Alarming news sweeps along the coast.
Métropole is an important looking monthly, printed on shiny paper and circulating - for our purposes - in the areas of Toulon, Hyères and La Seyne.
The front page of the current edition, tells of Nicolas Sarkozy's emphatic Blue Wave - the one he did get, in the presidentials, as opposed to the one he (small hurrah) didn't, in the parliamentaries.
The main picture illustrates a feature on that old standby, property prices, and we are also directed towards a piece about the flower market of Hyères that manages to clock up 150 million of sales a year.
Not flagged on page one is a short article linked to that cover story about property prices. Les étrangers toujours très présents, runs the headline.
Beneath, the sub-heading Welcome In Lorgues - no translation was thought necessary - Olivier Stéphan tells of the Var town where the Brits are not just coming, but have come, seen and conquered.
This little place, 40 miles or so into the Toulon hinterland and approached by a lush, almost Dordogne-like road from Vidauban, has effectively become an English colony "in the manner of certain little towns in south-western France", asserts the author.
Seduced by the quality of life, waves of Brits have chosen to settle there, says M Stéphan before adding:
Word of mouth has done the rest. More and more subjects of Her Majesty the Queen have abandoned the London fog for the sunshine of the Midi, to the extent that British citizens are now in the majority. And not without posing some genuine problems for the local infrastructure, notably school admissions for the children of these adopted Varois (people of the Var).
The horror felt at such a prospect by some at this grotesque manifestation of the colonial tendencies of l'Albion perfide, and in particular by my occasional correspondent Richard of Orléans, can only be imagined.
It is undeniably hypocritical of Brits already here to wince at the thought of being overrun by their fellow countrymen. But people like Richard - and indeed moi-même- get away with it on the grounds of having married into French families.
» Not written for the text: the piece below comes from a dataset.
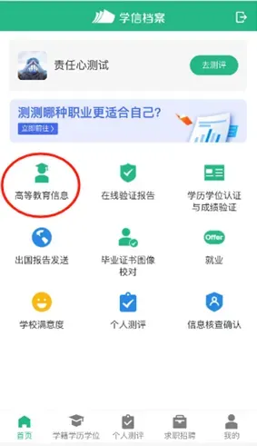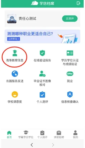 第三步:注册成功后,系统会自动跳转到首页,点击【高等教育信息】模块下的【学籍】栏目查看并核对学籍信息与本人实际信息是否一致(如录取照片、姓名、性别、出生日期、民族、证件号码、学校名称、层次、专业、学籍状态等)。如注册信息与本人实际不符,可联系学校学籍学历管理部门处理。

But in any case, the story falls at the first hurdle. The good French folk of Lorgues can sleep more easily in their beds in the knowledge, passed to me by the admirable Gilles Hardouin, director of cabinet at the mairie, that it simply isn't true.
Out of around 10,000 inhabitants, he tells me (breaking occasionally, "for the practice", into impressive English), only 15 per cent are foreigners, and these include people, familiar throughout France, from the former French colonies of north Africa).
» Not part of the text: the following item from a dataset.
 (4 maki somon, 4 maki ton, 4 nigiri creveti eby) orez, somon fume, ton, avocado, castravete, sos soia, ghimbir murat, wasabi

Even among the Europeans, we are still not the most numerous. The Dutch, it seems, are there in yet greater numbers. The assertions in the article are therefore, M Hardouin adds robustly en anglais, "absolutely stupid".
Where les Rosbifs are way out in front, he further informs me, is in being plus communautaire, a polite way of saying we don't - with honourable exceptions - integrate terribly well. This, my friend at the mairie excuses as a "question of culture".
By the time I am told all of this, I have devoted a lot of time and money - very well then, a visit one evening for a slightly dull concert, followed by a good but London-priced meal - to making inquiries about the British invasion.
So I offer no comradely support to Métropole's directeur, Alain Perrier, when noting that the mairie is less forgiving of the media being, shall we say, extravagant with the truth than it is of keep-to-themselves Brits. A demand for a right of reply will shortly be landing on his desk.
But M Perrier's paper has an edition covering the Dordgone, it should dispatch a team of reporters to the attractive but rather congested town of Sarlat.
There, less than a year ago, a hotelier spoke to me in perfectly welcoming tones about the Brits who have come to dominate the area, but drew the line at the existence of shops where, she insisted, the staff do not speak French.